═══ INPUT DATA

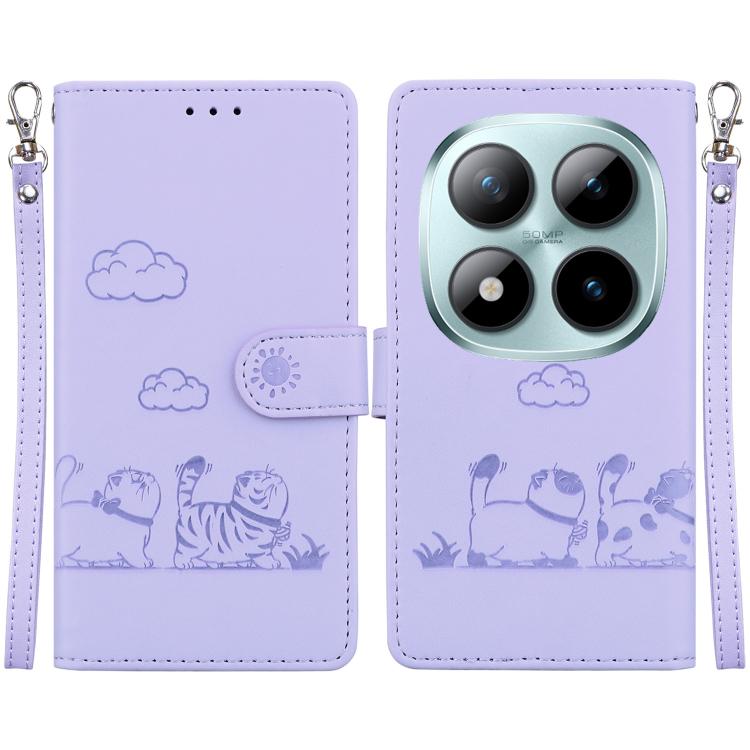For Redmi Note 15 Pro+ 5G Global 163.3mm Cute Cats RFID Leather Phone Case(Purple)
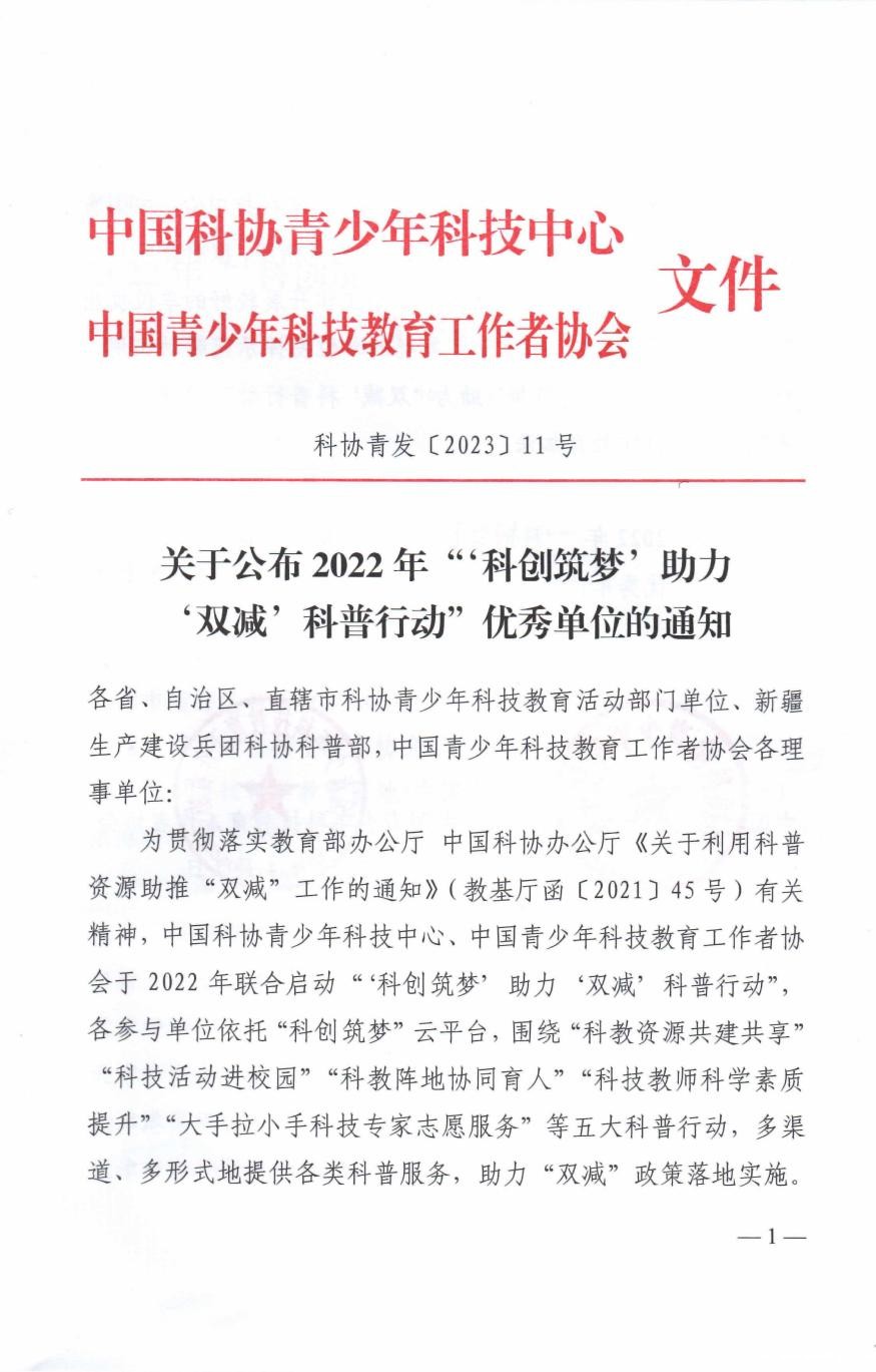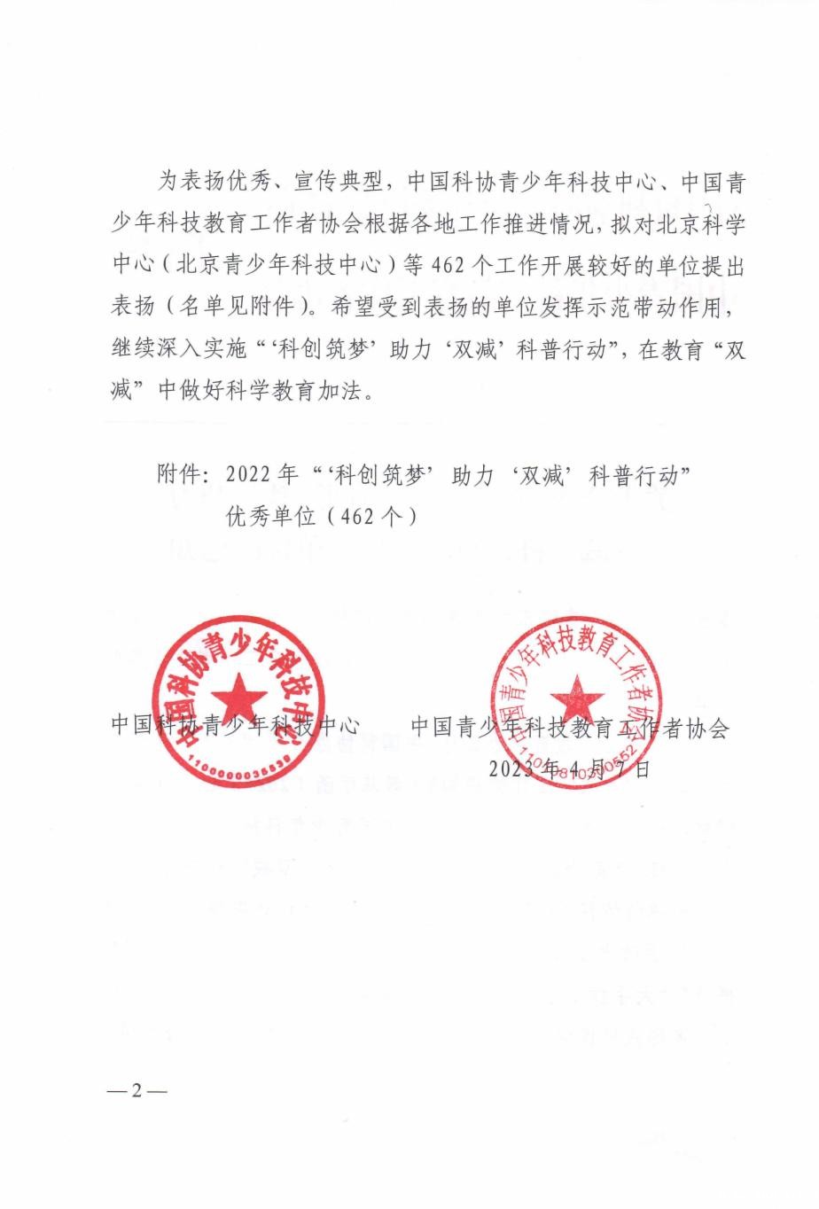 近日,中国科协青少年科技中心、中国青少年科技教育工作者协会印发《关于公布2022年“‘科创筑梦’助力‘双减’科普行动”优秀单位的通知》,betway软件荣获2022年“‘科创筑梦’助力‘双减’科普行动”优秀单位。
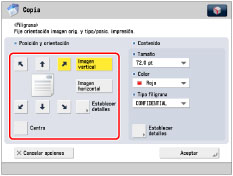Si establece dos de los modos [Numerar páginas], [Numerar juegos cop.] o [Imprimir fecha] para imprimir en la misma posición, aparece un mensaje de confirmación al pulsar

══════
═══ INPUT DATA

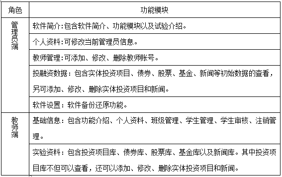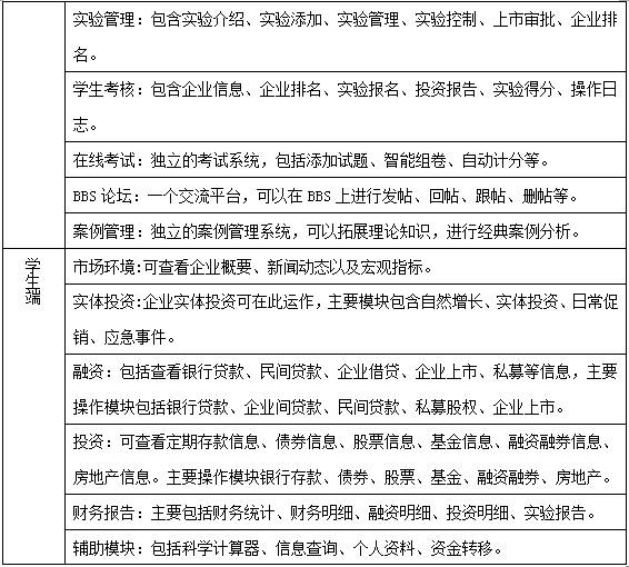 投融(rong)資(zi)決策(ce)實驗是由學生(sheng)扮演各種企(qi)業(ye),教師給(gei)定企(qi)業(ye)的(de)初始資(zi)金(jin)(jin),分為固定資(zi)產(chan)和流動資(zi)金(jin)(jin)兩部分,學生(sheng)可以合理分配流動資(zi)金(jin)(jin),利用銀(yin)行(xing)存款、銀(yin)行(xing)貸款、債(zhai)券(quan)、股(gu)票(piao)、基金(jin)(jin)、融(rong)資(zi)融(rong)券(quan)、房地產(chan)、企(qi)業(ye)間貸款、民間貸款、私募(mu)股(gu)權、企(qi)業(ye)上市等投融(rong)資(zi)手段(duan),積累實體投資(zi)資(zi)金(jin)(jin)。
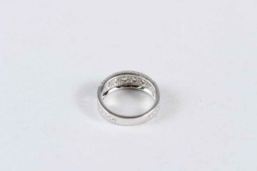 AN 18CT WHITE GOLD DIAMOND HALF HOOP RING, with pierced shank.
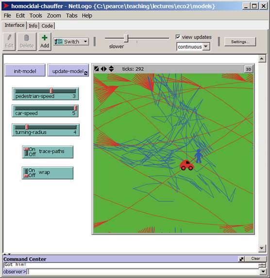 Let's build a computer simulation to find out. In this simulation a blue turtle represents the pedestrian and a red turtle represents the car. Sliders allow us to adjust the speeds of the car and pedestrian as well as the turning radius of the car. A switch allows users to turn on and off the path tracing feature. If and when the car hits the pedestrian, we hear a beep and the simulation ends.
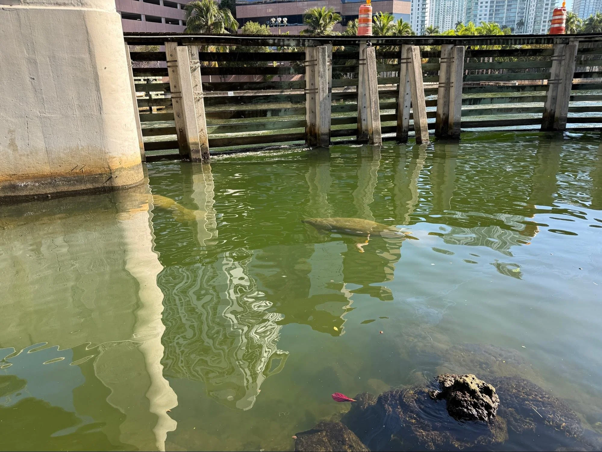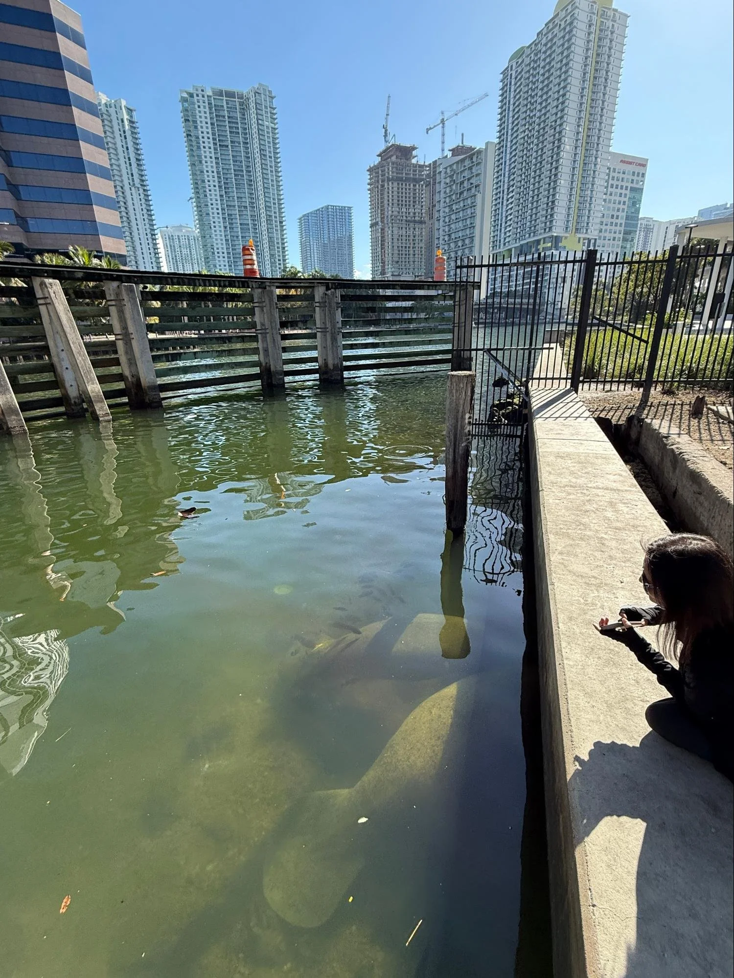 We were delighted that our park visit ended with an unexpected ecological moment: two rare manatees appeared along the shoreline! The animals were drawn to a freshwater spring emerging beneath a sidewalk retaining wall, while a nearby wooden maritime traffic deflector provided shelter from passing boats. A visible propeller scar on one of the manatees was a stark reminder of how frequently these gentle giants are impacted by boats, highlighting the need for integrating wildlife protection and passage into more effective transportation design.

══════

EXERCISE REQUIREMENTS:
Extract from the material above the stretch running from the line containing "For Redmi Note" through the line containing "Si establece dos". Keep the text exact and the pictures out.

EXERCISE ANSWER:
For Redmi Note 15 Pro+ 5G Global 163.3mm Cute Cats RFID Leather Phone Case(Purple)
 近日,中国科协青少年科技中心、中国青少年科技教育工作者协会印发《关于公布2022年“‘科创筑梦’助力‘双减’科普行动”优秀单位的通知》,betway软件荣获2022年“‘科创筑梦’助力‘双减’科普行动”优秀单位。
Si establece dos de los modos [Numerar páginas], [Numerar juegos cop.] o [Imprimir fecha] para imprimir en la misma posición, aparece un mensaje de confirmación al pulsar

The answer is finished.